> _RECORDS_
——

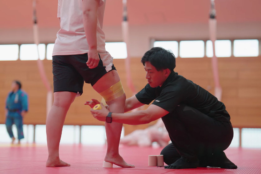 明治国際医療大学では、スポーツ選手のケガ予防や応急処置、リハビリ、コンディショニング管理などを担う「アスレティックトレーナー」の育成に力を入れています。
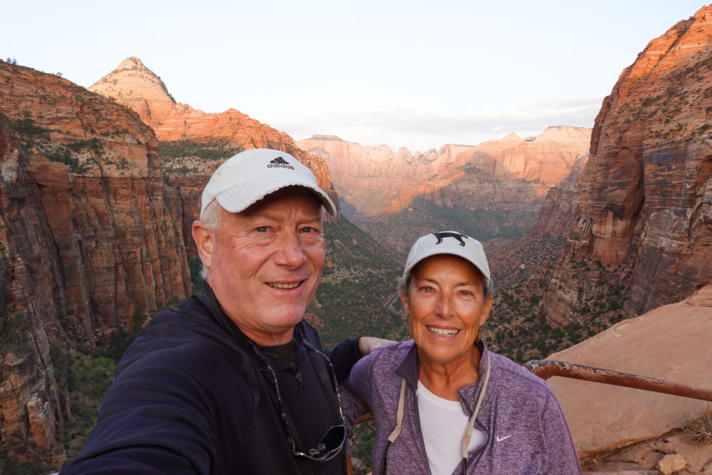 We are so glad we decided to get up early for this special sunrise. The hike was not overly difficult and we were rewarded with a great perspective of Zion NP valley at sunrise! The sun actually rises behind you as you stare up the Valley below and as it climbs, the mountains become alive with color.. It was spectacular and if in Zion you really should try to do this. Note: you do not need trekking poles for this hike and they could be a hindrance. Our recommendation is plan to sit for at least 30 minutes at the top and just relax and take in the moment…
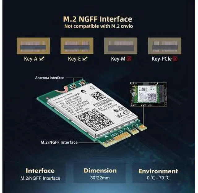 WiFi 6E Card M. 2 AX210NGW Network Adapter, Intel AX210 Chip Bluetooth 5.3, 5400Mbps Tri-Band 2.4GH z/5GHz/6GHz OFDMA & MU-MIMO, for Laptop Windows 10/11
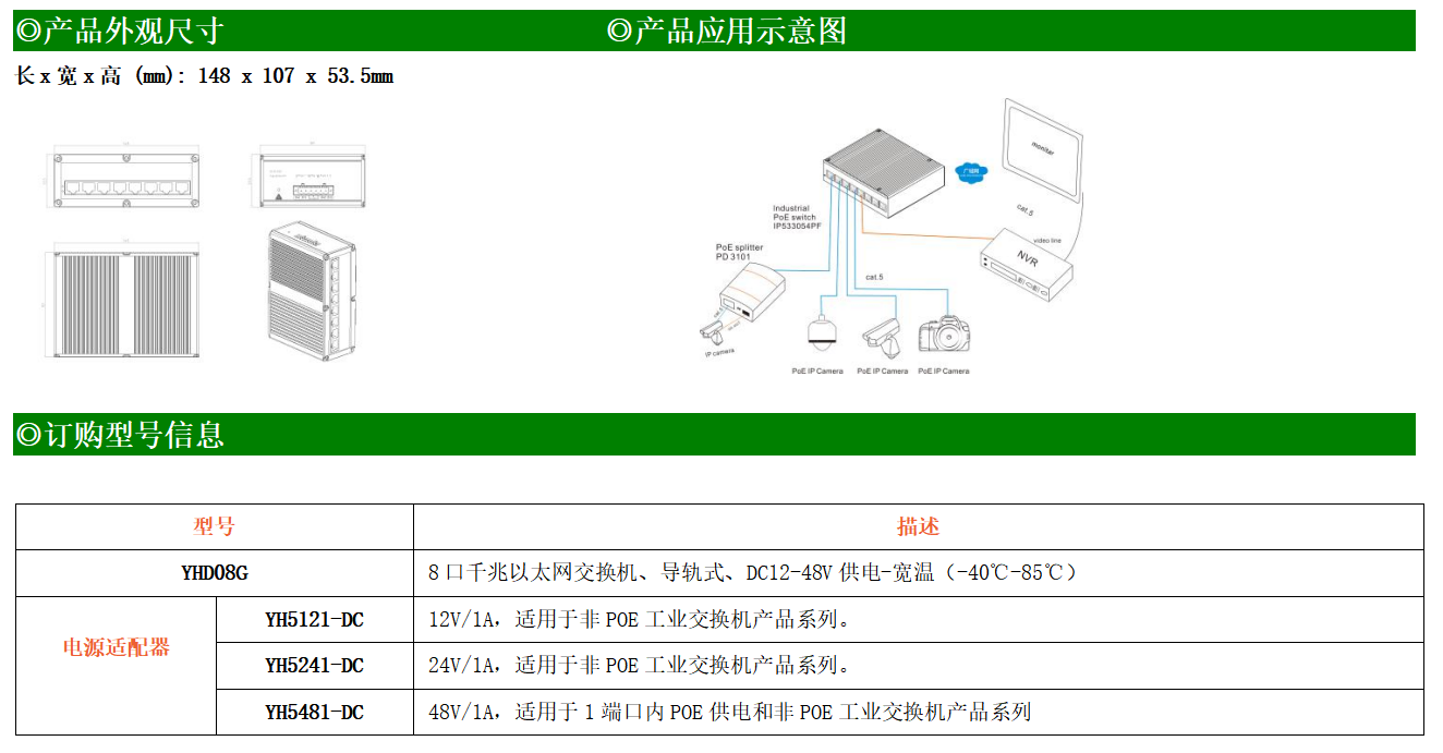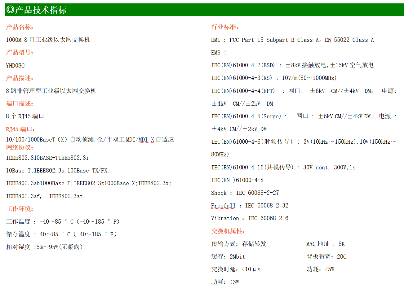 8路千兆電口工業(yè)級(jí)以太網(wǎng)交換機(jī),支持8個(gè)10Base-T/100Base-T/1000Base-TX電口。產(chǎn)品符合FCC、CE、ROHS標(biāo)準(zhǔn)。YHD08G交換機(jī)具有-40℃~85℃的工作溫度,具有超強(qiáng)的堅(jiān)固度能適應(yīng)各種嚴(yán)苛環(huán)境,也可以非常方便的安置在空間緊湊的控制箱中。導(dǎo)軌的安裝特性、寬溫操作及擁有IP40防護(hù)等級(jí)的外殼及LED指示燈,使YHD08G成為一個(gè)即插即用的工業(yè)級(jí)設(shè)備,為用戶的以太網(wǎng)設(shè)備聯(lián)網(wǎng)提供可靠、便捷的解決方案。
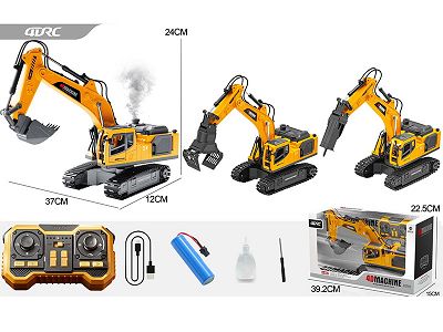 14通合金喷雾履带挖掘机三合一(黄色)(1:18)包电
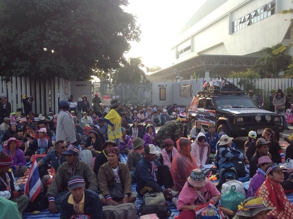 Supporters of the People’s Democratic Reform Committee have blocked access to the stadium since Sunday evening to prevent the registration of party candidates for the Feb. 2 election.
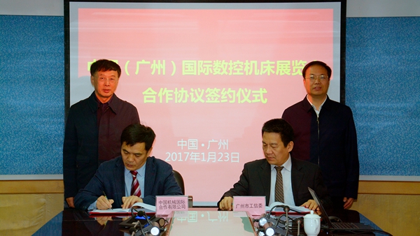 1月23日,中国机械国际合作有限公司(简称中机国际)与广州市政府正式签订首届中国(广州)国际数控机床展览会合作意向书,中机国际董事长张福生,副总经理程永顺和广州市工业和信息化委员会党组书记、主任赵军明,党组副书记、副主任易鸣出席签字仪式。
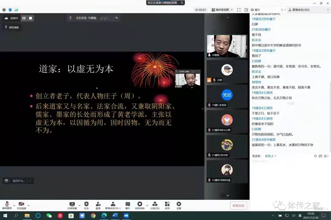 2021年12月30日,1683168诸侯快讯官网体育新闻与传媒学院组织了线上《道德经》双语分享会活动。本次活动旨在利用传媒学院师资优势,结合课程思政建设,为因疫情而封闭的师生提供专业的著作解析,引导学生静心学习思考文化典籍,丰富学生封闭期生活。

——

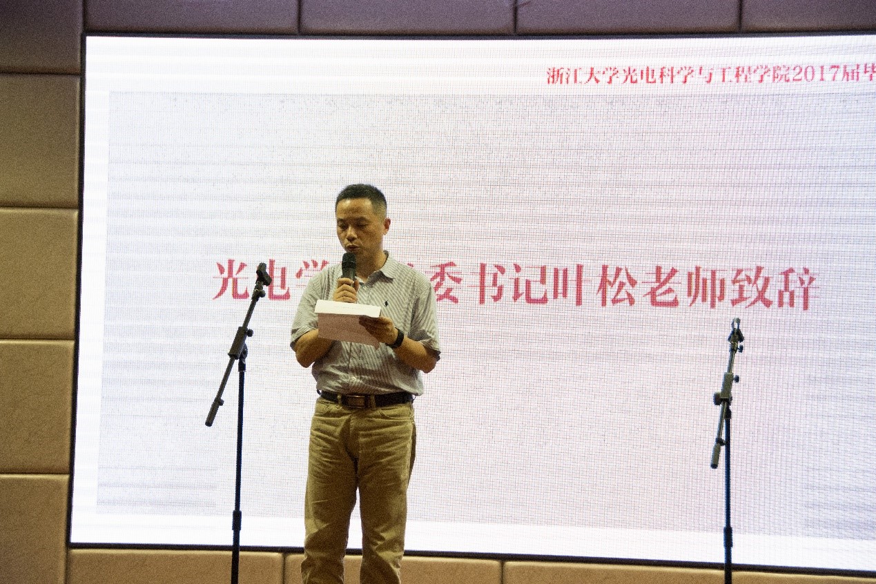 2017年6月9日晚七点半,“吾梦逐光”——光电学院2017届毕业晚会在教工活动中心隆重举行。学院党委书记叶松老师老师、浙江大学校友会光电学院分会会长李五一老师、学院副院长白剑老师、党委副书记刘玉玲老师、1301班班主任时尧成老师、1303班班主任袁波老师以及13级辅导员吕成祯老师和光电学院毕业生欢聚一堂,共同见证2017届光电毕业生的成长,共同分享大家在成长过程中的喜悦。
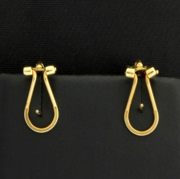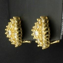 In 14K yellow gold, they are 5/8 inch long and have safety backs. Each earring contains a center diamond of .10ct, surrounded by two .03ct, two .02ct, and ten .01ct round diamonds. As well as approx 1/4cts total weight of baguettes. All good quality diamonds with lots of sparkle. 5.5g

——

> _WORK INSTRUCTIONS_
Transcribe only this stretch of the data: the line with "明治国際医療大学では、スポー", the line with "14通合金喷雾履带挖掘机三合一(黄色)(1:18)包电", and every line in between. Leave out the pictures.

> _EXERCISE OUTPUT_
 明治国際医療大学では、スポーツ選手のケガ予防や応急処置、リハビリ、コンディショニング管理などを担う「アスレティックトレーナー」の育成に力を入れています。
 We are so glad we decided to get up early for this special sunrise. The hike was not overly difficult and we were rewarded with a great perspective of Zion NP valley at sunrise! The sun actually rises behind you as you stare up the Valley below and as it climbs, the mountains become alive with color.. It was spectacular and if in Zion you really should try to do this. Note: you do not need trekking poles for this hike and they could be a hindrance. Our recommendation is plan to sit for at least 30 minutes at the top and just relax and take in the moment…
 WiFi 6E Card M. 2 AX210NGW Network Adapter, Intel AX210 Chip Bluetooth 5.3, 5400Mbps Tri-Band 2.4GH z/5GHz/6GHz OFDMA & MU-MIMO, for Laptop Windows 10/11
 8路千兆電口工業(yè)級(jí)以太網(wǎng)交換機(jī),支持8個(gè)10Base-T/100Base-T/1000Base-TX電口。產(chǎn)品符合FCC、CE、ROHS標(biāo)準(zhǔn)。YHD08G交換機(jī)具有-40℃~85℃的工作溫度,具有超強(qiáng)的堅(jiān)固度能適應(yīng)各種嚴(yán)苛環(huán)境,也可以非常方便的安置在空間緊湊的控制箱中。導(dǎo)軌的安裝特性、寬溫操作及擁有IP40防護(hù)等級(jí)的外殼及LED指示燈,使YHD08G成為一個(gè)即插即用的工業(yè)級(jí)設(shè)備,為用戶的以太網(wǎng)設(shè)備聯(lián)網(wǎng)提供可靠、便捷的解決方案。
 14通合金喷雾履带挖掘机三合一(黄色)(1:18)包电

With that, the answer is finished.